** Exercise requirements **
Print exactly the lines that run from the one containing "シンプルなアイテムとの相性が" to the final line of the data, both included, and print none of the pictures.

** Given material **
+-------+

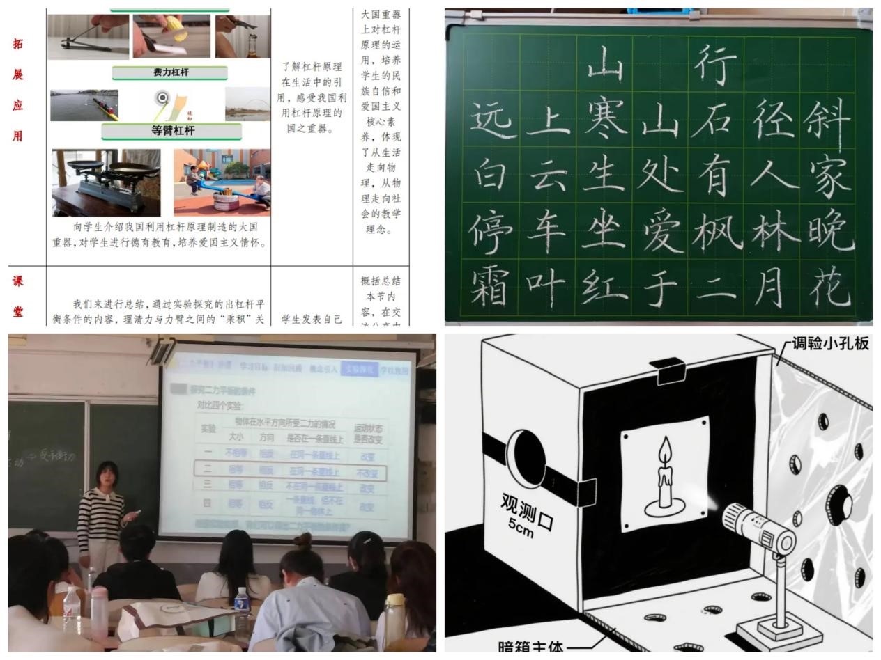 本次师范生素质大赛设置讲课、二笔字、教学设计(教案)、教具设计四个赛道。讲课赛道中,参赛者同台竞技、切磋交流,展开了激烈比拼;二笔字赛道里,参赛者笔走龙蛇,粉笔字刚劲洒脱、钢笔字飘逸俊秀,引得众人称赞;教学设计(教案)赛道上,参赛者匠心独运,教学构思新颖独特;教具设计赛道中,参赛者创意迸发,作品尽显创新思维。评委老师们也针对同学们存在的问题提出改进建议,为参赛者的未来发展指明方向。
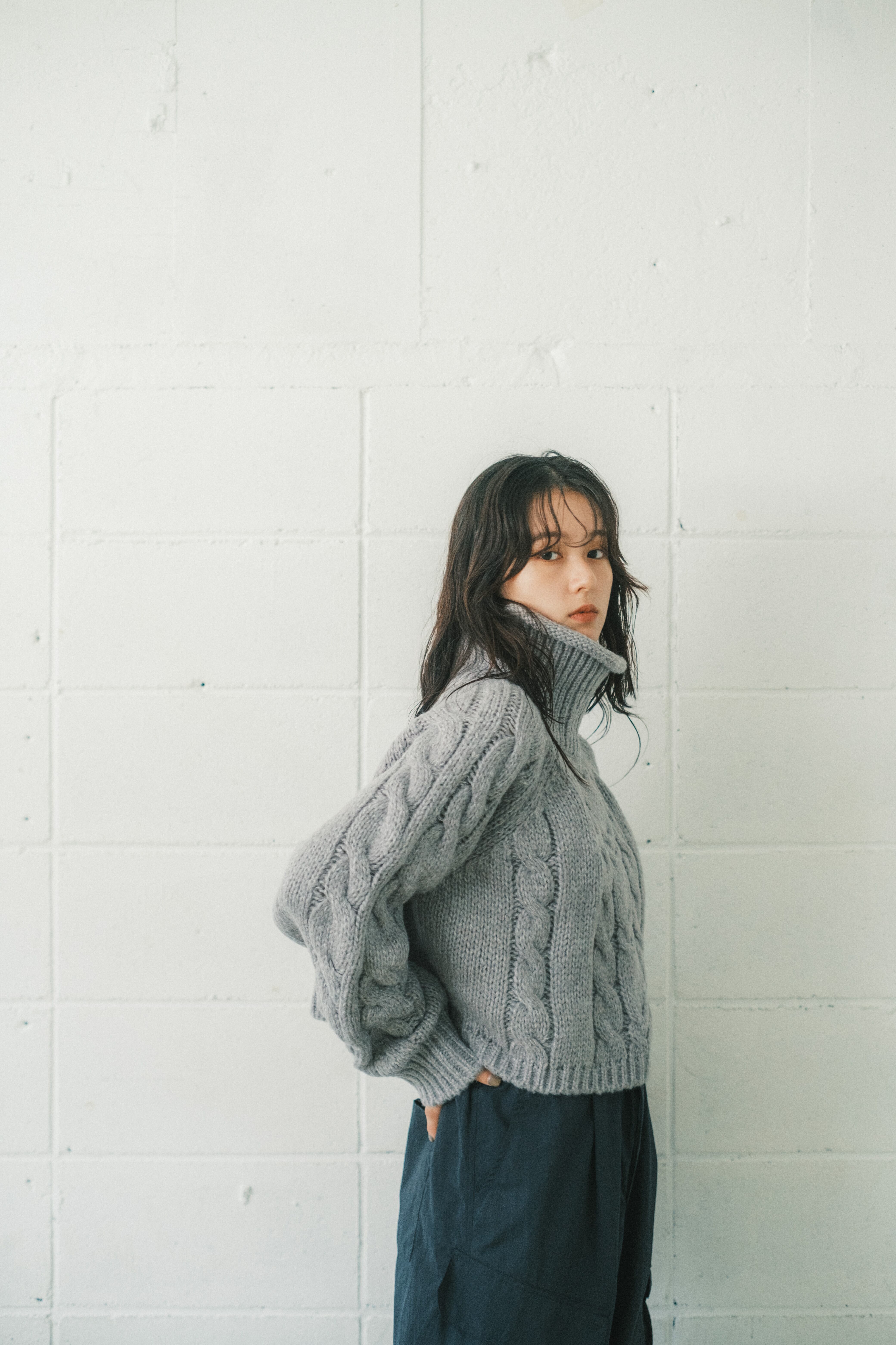 シンプルなアイテムとの相性が良く、メリハリの効いたシルエットで、主役級のニットプルオーバー。
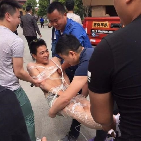 日前,有网友爆料,陕西安康某地的婚俗,新郎被扒光绑在树上,被泼狗血,亲友还拿灭火器喷新浪。对此,有网友称:“这个新浪太惨了,我宁愿单身到老”。图为新浪被人捆绑起来抬走。

+-------+

** Result of this exercise **
 シンプルなアイテムとの相性が良く、メリハリの効いたシルエットで、主役級のニットプルオーバー。
 日前,有网友爆料,陕西安康某地的婚俗,新郎被扒光绑在树上,被泼狗血,亲友还拿灭火器喷新浪。对此,有网友称:“这个新浪太惨了,我宁愿单身到老”。图为新浪被人捆绑起来抬走。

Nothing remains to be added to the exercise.